** Opening MATERIAL FOR THE TASK block **
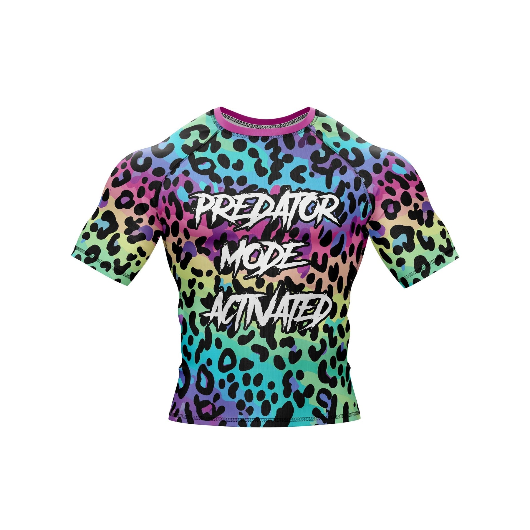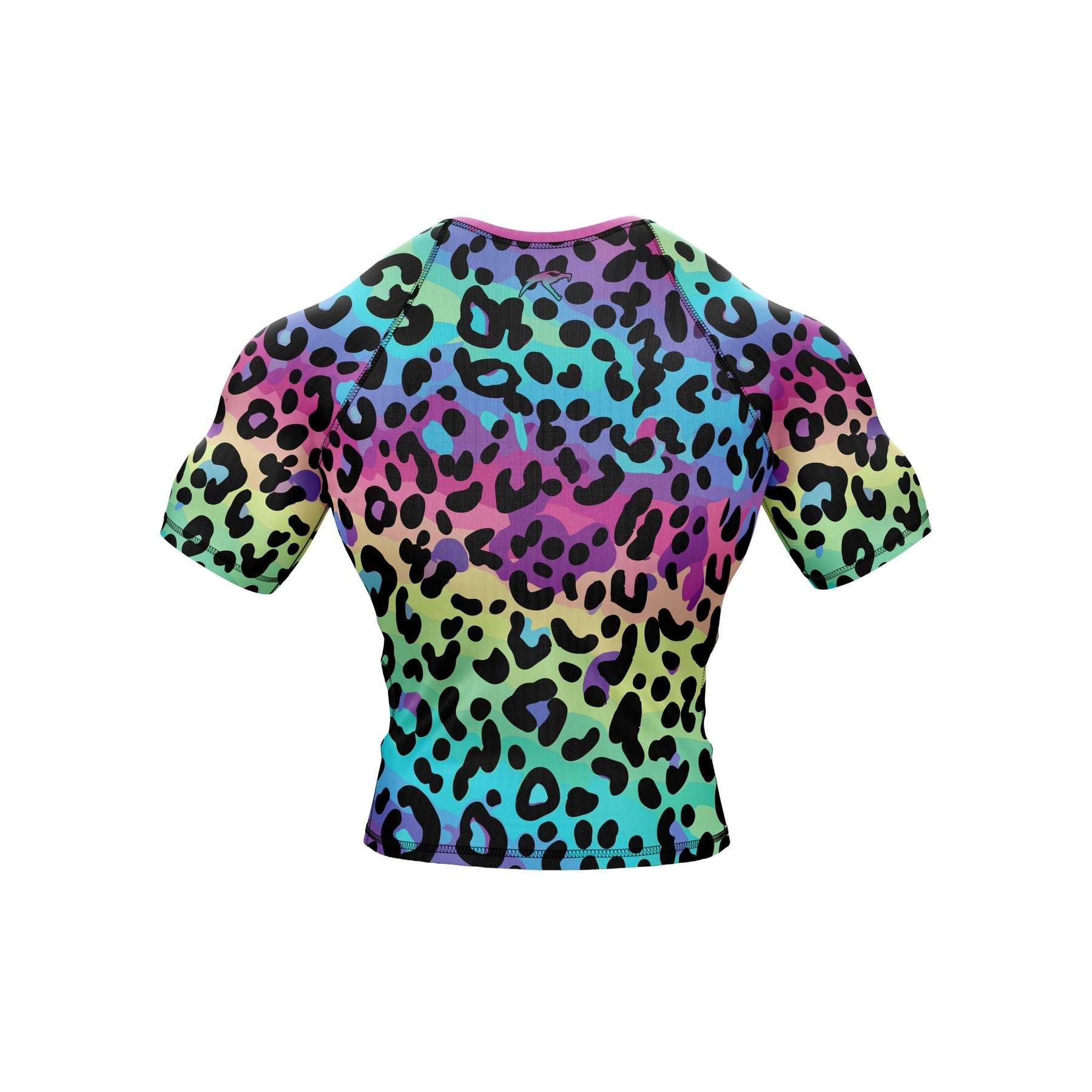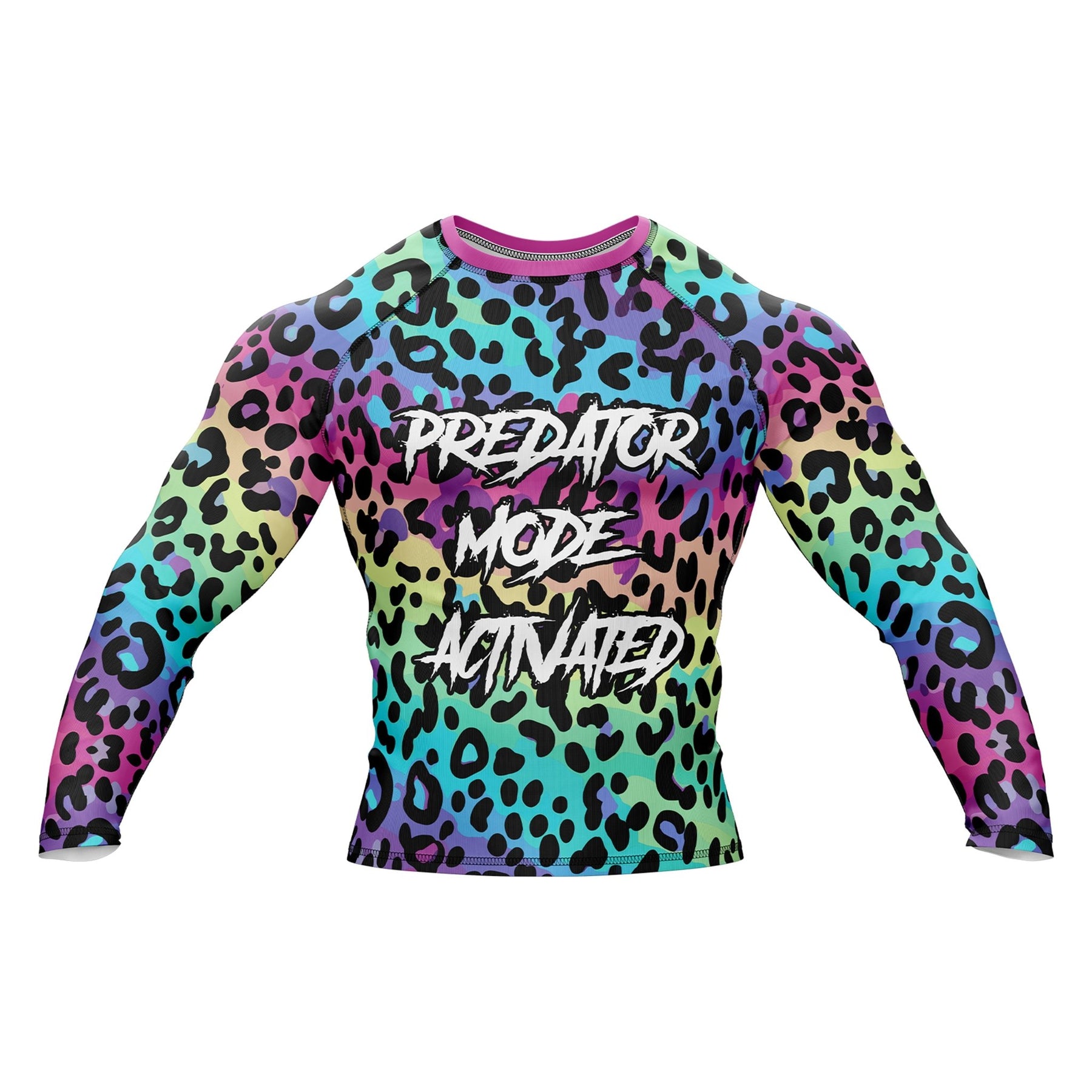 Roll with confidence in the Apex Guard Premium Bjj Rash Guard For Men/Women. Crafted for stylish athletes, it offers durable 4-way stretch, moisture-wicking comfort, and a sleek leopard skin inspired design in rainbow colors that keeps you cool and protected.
** Closing MATERIAL FOR THE TASK block **
** Opening MATERIAL FOR THE TASK block **
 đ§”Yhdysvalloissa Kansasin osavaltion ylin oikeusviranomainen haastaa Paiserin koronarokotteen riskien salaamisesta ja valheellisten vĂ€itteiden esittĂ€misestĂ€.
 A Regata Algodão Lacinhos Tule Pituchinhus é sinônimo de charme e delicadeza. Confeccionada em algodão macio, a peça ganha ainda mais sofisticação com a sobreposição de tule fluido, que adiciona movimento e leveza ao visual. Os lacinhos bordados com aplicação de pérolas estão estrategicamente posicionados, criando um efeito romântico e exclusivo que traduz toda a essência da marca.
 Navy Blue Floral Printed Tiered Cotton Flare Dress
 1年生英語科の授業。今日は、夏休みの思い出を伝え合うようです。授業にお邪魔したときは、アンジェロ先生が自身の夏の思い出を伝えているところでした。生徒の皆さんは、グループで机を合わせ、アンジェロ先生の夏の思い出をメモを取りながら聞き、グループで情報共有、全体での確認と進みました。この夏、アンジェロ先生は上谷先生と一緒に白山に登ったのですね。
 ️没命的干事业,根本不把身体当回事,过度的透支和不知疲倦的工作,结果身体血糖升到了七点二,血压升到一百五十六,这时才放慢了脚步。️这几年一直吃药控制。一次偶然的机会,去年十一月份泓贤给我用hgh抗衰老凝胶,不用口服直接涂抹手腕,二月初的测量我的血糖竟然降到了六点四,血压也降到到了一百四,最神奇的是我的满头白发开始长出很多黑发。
** Closing MATERIAL FOR THE TASK block **
### ACTION ITEM:
Look above for the line holding "Navy Blue Floral" and the line holding "1年生英語科の授業。今日は、", then output exactly those two lines and every line between them, nothing more.

### YOUR RESPONSE:
 Navy Blue Floral Printed Tiered Cotton Flare Dress
 1年生英語科の授業。今日は、夏休みの思い出を伝え合うようです。授業にお邪魔したときは、アンジェロ先生が自身の夏の思い出を伝えているところでした。生徒の皆さんは、グループで机を合わせ、アンジェロ先生の夏の思い出をメモを取りながら聞き、グループで情報共有、全体での確認と進みました。この夏、アンジェロ先生は上谷先生と一緒に白山に登ったのですね。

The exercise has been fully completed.